The first type is what I consider “small talk.” This conversation is merely meant to pass the time. It is intended to avoid awkward moments when two people are suddenly confronted with each other, and there is a need to ease the situation. It concerns neutral subjects, such as politics, sports or the weather. It is supposed to be impersonal, although it can deal with one’s personal circumstances, such as one’s job or school. One should not make the mistake, however, of boring the other party by revealing or confiding one’s problems.
This kind of talk is appropriate for cocktail parties. During these events, one talks to every person in turn, by conversing about one’s background and matters of general interest.

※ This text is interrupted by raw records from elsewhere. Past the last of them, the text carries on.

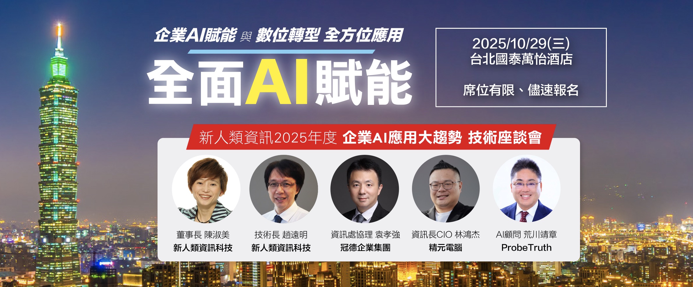 新人類即將於10/29(三)舉辦新人類2025年度【企業AI人工智慧技術應用】高峰會,發表新人類產品全系列AI應用解決方案!透過新人類豐富的「企業AI應用、數位轉型解決方案」產品群:Matrix企業平台、BPM商業流程、ISO制度永續、EIP團隊協同、PMIS專案任務、TOPSales業務/CRM客戶管理....一次全面AI賦能!
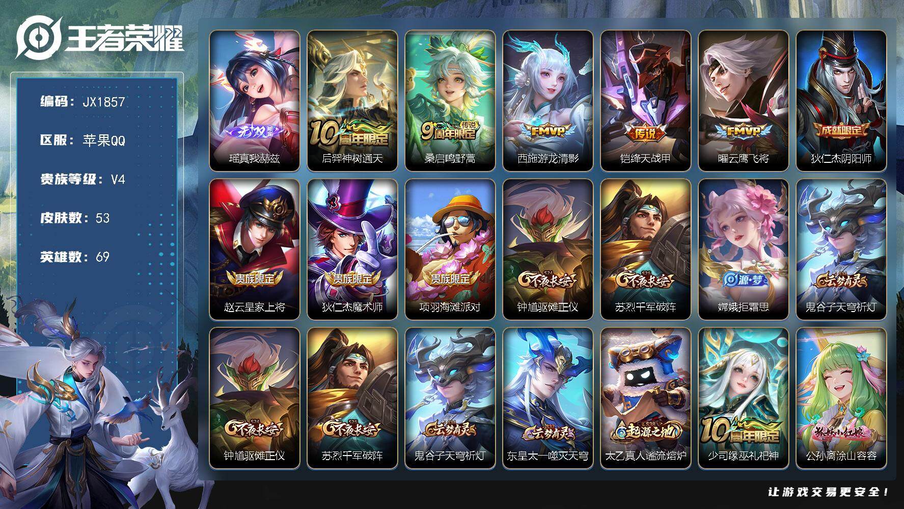【JX1857】贵族4/皮肤53/传说5/史诗11/英雄69/影全皮/瑶-真我
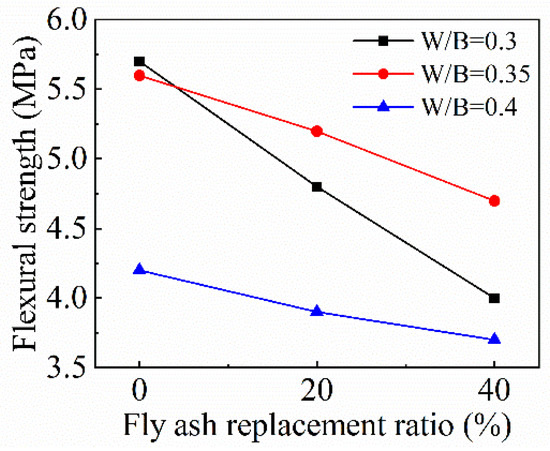 Figure 14 sketches the effect of the fly ash replacement ratio on the flexural strength of FRAC. According to this figure, with the increase of the fly ash replacement ratio, flexural strength presents a linear downward trend, and the decline amplitude gradually slows down with the increase of the w/b ratio. When the w/b ratio is 0.3, the decrease is the most obvious, compared with that without fly ash, the flexural strength of FRAC with 20% and 40% fly ash replacement ratios decrease by 15.8% and 29.8%, respectively. When the w/b ratio is 0.35 and the fly ash replacement ratios are 20% and 40%, the flexural strengths decrease by 7.1% and 16.1%, respectively. As the w/b ratio increases to 0.4, the values of the decreasing rates of flexural strength of FRAC with 20% and 40% replacement further reduce to 7.1% and 11.9%, respectively. The use of fly ash exerts a negative influence on the flexural strength of FRAC, and the effect is more pronounced at a low w/b ratio. The study by Barbuta et al. [47] showed that when the w/b ratio of is under 0.48, the flexural strength reaches the highest value when the concrete is mixed with 10% fly ash, which is 20.3% higher than that of plain concrete. The flexural strengths of concrete with 20% and 40% fly ash are obtained as 84.1% and 57.1% of plain concrete. An investigation by Siddique et al. [48] showed that the flexural strength decreased by 39%, 48%, and 56% as the cement was replaced with 35%, 45%, and 55% of class F fly ash. In this experiment, although the flexural strength of FRAC decreases with the increase of fly ash, the decrease is far less than the results of the above two tests.

In this manner, each gets to know a little something about each person in the room. And, if somebody is interesting enough, it may lead to a friendship.
Small talk may easily degenerate into the second type of conversation, gossip. It concerns talk about other people’s circumstances, but in a way that disparages or ridicules them. One talks ill of other people, in other words. Gossip easily develops into rumor, which eventually may become gospel truth to those who have heard it. It has been the vehicle for the often undeserved ruination of many a reputation.

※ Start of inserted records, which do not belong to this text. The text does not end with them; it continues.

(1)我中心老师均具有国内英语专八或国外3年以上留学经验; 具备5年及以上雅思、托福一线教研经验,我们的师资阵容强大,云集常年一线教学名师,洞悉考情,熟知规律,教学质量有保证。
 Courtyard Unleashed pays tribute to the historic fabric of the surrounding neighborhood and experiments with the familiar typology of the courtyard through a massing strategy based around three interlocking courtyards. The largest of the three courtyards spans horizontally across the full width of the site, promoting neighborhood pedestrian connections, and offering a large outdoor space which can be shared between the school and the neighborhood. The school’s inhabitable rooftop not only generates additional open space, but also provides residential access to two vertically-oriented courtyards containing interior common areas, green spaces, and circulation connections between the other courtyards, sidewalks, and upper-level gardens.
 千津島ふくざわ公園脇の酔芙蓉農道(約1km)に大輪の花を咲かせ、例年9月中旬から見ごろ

It reflects the basest part of human nature, and is a feature of those who take delight in other people’s misfortunes. Their lives perhaps are so empty that they need to belittle others so as to be comforted.
There is a variant of gossip, which I refer to as “clever talk.” In this third type of conversation, others, too, are ridiculed, but it is not meant seriously, but in a tongue-in-cheek manner. It is a form of humor making, in other words. Everything and everyone are subject to witty criticism and nothing is sacred in this type of conversation.

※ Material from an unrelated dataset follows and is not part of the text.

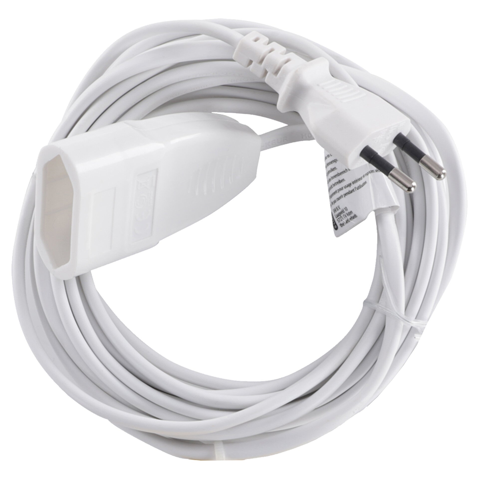 Verlengsnoer in de kleur wit. Alleen voor eurostekkers. Maximaal 575 watt. Alleen voor binnengebruik in droge ruimten. Alleen voor huishoudelijke apparaten. Kabellengte is 5 meter, 2 x 0.75 mm².
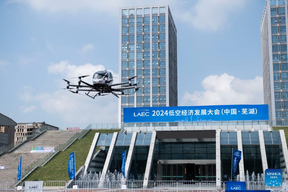 A low-altitude aircraft makes a flight demonstration outside the venue of the 2024 Low Altitude Economic Development Conference in Wuhu, east China's Anhui Province, Sept. 6, 2024. (Xinhua/Fu Tian)

The best example of clever talk is Oxbridge High Table conversation between college fellows. There, the art of witty conversation is practiced as a fine art. I recall one of those conversations when I attended a High Table dinner at Merton College, Oxford, my alma mater, to which my tutor had invited me. He had reached into his breast pocket of his suit and took out a plastic bag. Then he cut his steak into half and put one of the halves into the bag, at the same time remarking, “My wife and dog will be pleased tonight!”
Finally, there is the conversation that I refer to as “soul talk.” This is a rare form of conversation, when one communicates to the other from the deepest part of one’s being. Here, one makes oneself vulnerable because in spilling one’s guts, one opens oneself to rejection. Here there are no pretenses, just complete openness.
This rare form of conversation may be found in moonlit nights at the beach, or even drunk at the bar. For some need the stimulation of intoxication to open up. But whatever the situation or the cause, if it happens, it is a truly wonderful experience, and it may lead to a romantic relationship or a lasting friendship. For in that joyful moment of communication, one truly connects with the other and one feels at one with the universe.
Life is not meaningful without this form of conversation. For no man is an island, and the need to connect with the other is not only fulfilling but fundamental. Without it, one loses one’s humanity. No friendship or marriage can exist absent it. For it sustains and nourishes, and renders life bearable to those who exist in unfortunate circumstances and all the more enriching to those whose lives are already blessed with joy and happiness.